Parliamentary Chaos: we could all do better - couldn't we?


Our hearts skip a beat, our excitement is almost uncontained, the sky is blue, the Members of the the UK Parliament are going to spend the day parleying.  

Whilst this is - as the name suggests - what they are supposed to do, their parleying is usually about what the Government of the day is doing or about to do.  Today they are, as far as we can tell, just parleying.

And, it so happens, our Church has a meeting to conduct business this very same evening.  There is a natural instinct for us all to feel we could to better than the current Members of Parliament are doing.  But can we be so sure.

1653.  Lord Protector Oliver Cromwell is trying to sort out Parliament, and the Bible and the Churches are figuring large in the Protector's consciousness.  They decide to go for a thoroughly Biblical 70 members - the same as the Jewish Sanhedrin.  (An irony here, for the Sanhedrin proved less than perfect in the light of Jesus the Messiah's encounters with them.)

Not enough, it proved: So 144 (12x12) was settled upon as a larger, thoroughly Biblical number.  Thence to the appointment.  A few were appointed more directly, but to this Nominated Assembly churches of various kinds - including baptist-type churches - were given the power to elect Members of Parliament from their ranks.

Such a godly, Biblical set up.  What could possibly go wrong? 

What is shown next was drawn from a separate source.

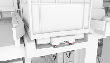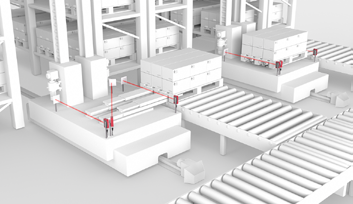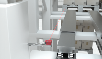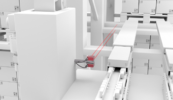 After roughly positioning the stacker crane, the container’s position in the horizontal (X) and vertical (Y) directions must be precisely determined. To do this, the beam and support edges must be optically sensed at a distance of 100 to 1,900 mm.
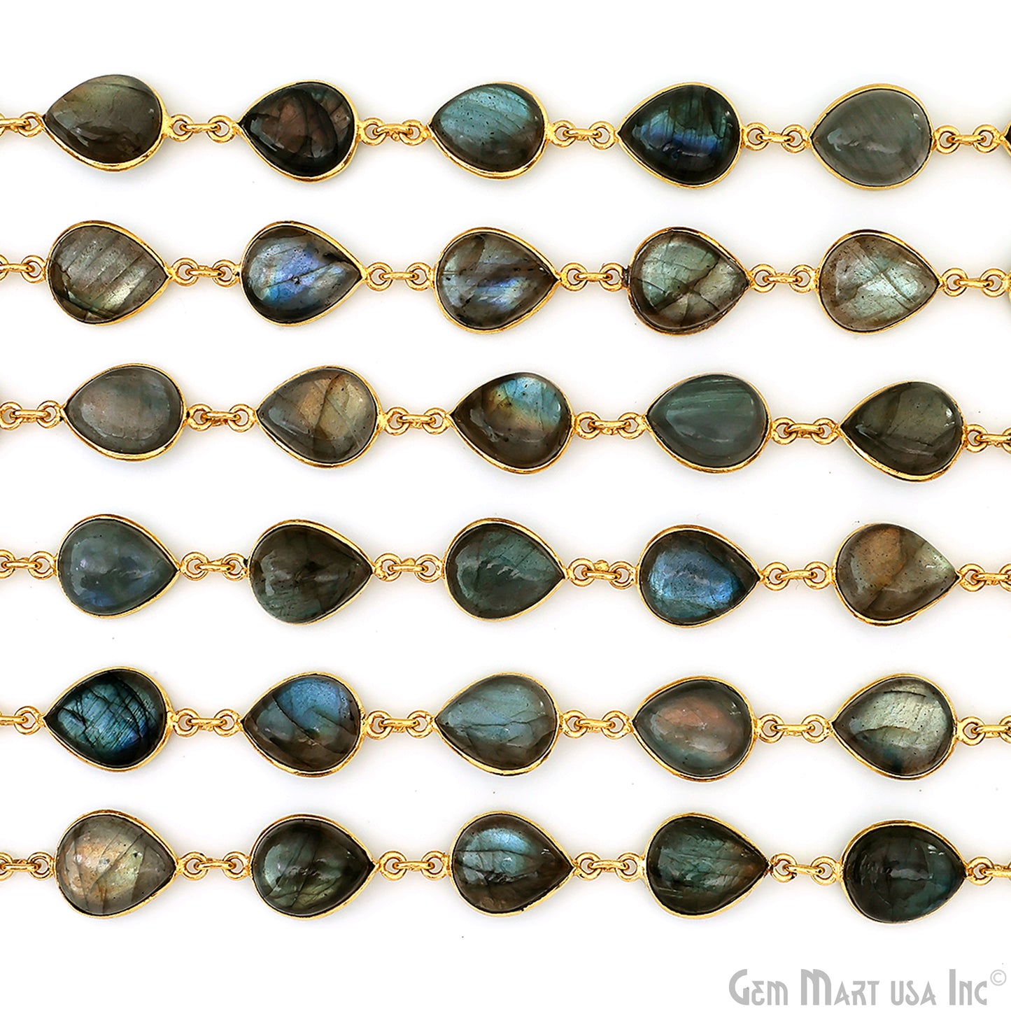 Labradorite 10x12mm Pears Gold Plated Bezel Cabochon Continuous Connector Chain

To be fair, starting in April, the Parliament achieved some notable benefits for the nation.  But then the religious arguments broke out.  The State Church shouldn't be the State Church, said some Baptist and Quaker types.  Yes it should, said the State Church types.  Doing to that Parliament what Brexit has done to this one it all descended into acrimonious chaos.  Cromwell sighed and dissolved the very Biblical Parliament.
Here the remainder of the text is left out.